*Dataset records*
↓
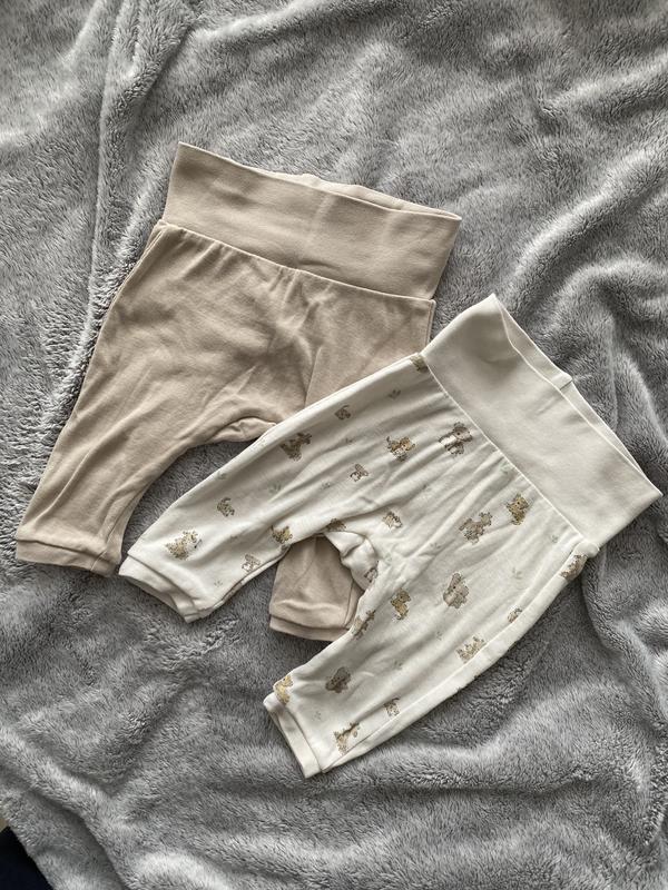 Дитячі бавовняні штанці від H&M. В комплекті 2 шт. Розмір 56 см ( 0-2 міс). Дефектів немає. Матеріал: 100% бавовна
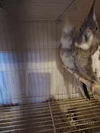 Vendo coppia di pappagalli calopsiti riproduttiva. Vendo maschio calopsite testa bianca e femmina. Vendo completi di gabbia e nido. Vendo a prezzo affare tutto 80€ No perditempo
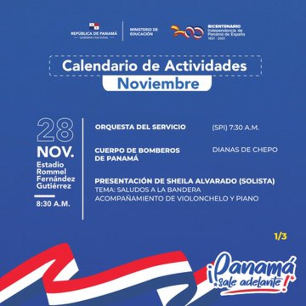 Este es el calendario de las exhibiciones de bandas de música y demás actividades, para conmemorar nuestros 200 años de independencia, este 28 de noviembre en el Estadio Rommel Fernández.
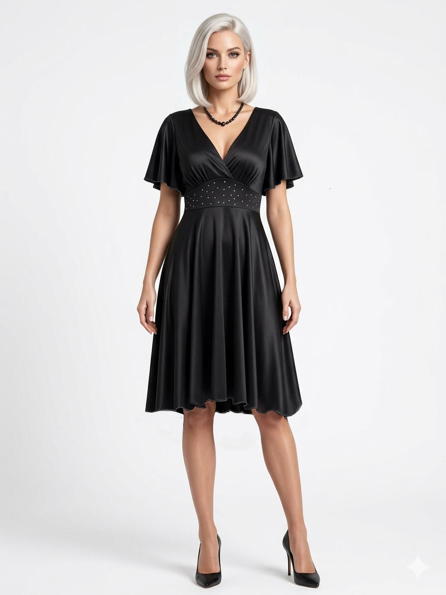 ABITO DA BALLO IN TACTEL MAGLINA ELASTICA AMPIO NELLA PARTE DELLA GONNA A RUOTA CON MANICHETTE ORLO ROLLETTATO E STRASS NEL PUNTO VITA . VESTIBILITA' ELESTICA PER TAGLIE DALLA 38 ALLA 42 NON SEGNA NEI FIANCHI.
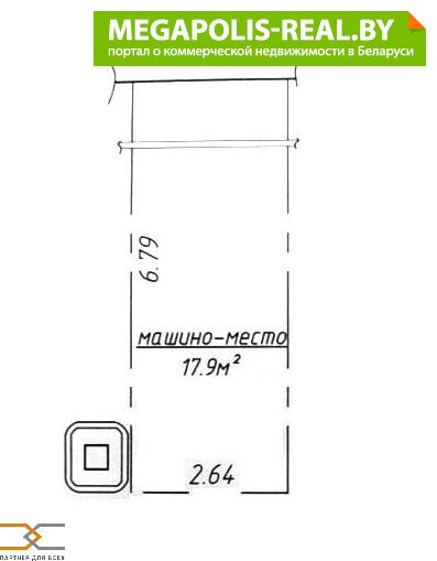 Площадь машиноместа составляет 17.9 кв.м.
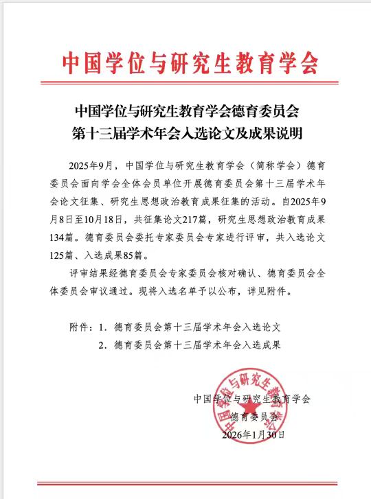 此次论文入选,是学院落实立德树人根本任务、提升研究生培养质量的阶段性成果,也进一步彰显了学院长期深耕思想政治教育、强化科研育人的扎实成效。未来,学院将持续发挥学科优势,不断提升思想政治教育研究水平与人才培养质量,为新时代思想政治教育高质量发展贡献马院力量。
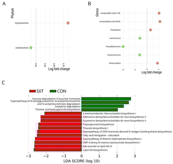 ANCOM-BC analysis was used to compare the gut microbiota taxa that were significantly different between the CON and SXT groups (Figure 4A,B). We identified differences at a phylum level; SXT mice presented an increase in Cyanobacteria and a decrease in Acidobacteria (FDR < 0.05) (Figure 4A). We also observed differences at a genus level; SXT mice had an increase in Anaerostipes, Turicibacter and unclassified genera from order YS2 and order RF39 (FDR < 0.05) (Figure 4B). In addition to that, SXT mice showed a decrease in Lactococcus, Faecalibacterium, and Anaerotruncus genera (FDR < 0.05) (Figure 4B).
↑
*WHAT YOU ARE ASKED TO DO*
When copying, output the data exactly and leave out the pictures.

*RESPONSE TO THE EXERCISE*
 Дитячі бавовняні штанці від H&M. В комплекті 2 шт. Розмір 56 см ( 0-2 міс). Дефектів немає. Матеріал: 100% бавовна
 Vendo coppia di pappagalli calopsiti riproduttiva. Vendo maschio calopsite testa bianca e femmina. Vendo completi di gabbia e nido. Vendo a prezzo affare tutto 80€ No perditempo
 Este es el calendario de las exhibiciones de bandas de música y demás actividades, para conmemorar nuestros 200 años de independencia, este 28 de noviembre en el Estadio Rommel Fernández.
 ABITO DA BALLO IN TACTEL MAGLINA ELASTICA AMPIO NELLA PARTE DELLA GONNA A RUOTA CON MANICHETTE ORLO ROLLETTATO E STRASS NEL PUNTO VITA . VESTIBILITA' ELESTICA PER TAGLIE DALLA 38 ALLA 42 NON SEGNA NEI FIANCHI.
 Площадь машиноместа составляет 17.9 кв.м.
 此次论文入选,是学院落实立德树人根本任务、提升研究生培养质量的阶段性成果,也进一步彰显了学院长期深耕思想政治教育、强化科研育人的扎实成效。未来,学院将持续发挥学科优势,不断提升思想政治教育研究水平与人才培养质量,为新时代思想政治教育高质量发展贡献马院力量。
 ANCOM-BC analysis was used to compare the gut microbiota taxa that were significantly different between the CON and SXT groups (Figure 4A,B). We identified differences at a phylum level; SXT mice presented an increase in Cyanobacteria and a decrease in Acidobacteria (FDR < 0.05) (Figure 4A). We also observed differences at a genus level; SXT mice had an increase in Anaerostipes, Turicibacter and unclassified genera from order YS2 and order RF39 (FDR < 0.05) (Figure 4B). In addition to that, SXT mice showed a decrease in Lactococcus, Faecalibacterium, and Anaerotruncus genera (FDR < 0.05) (Figure 4B).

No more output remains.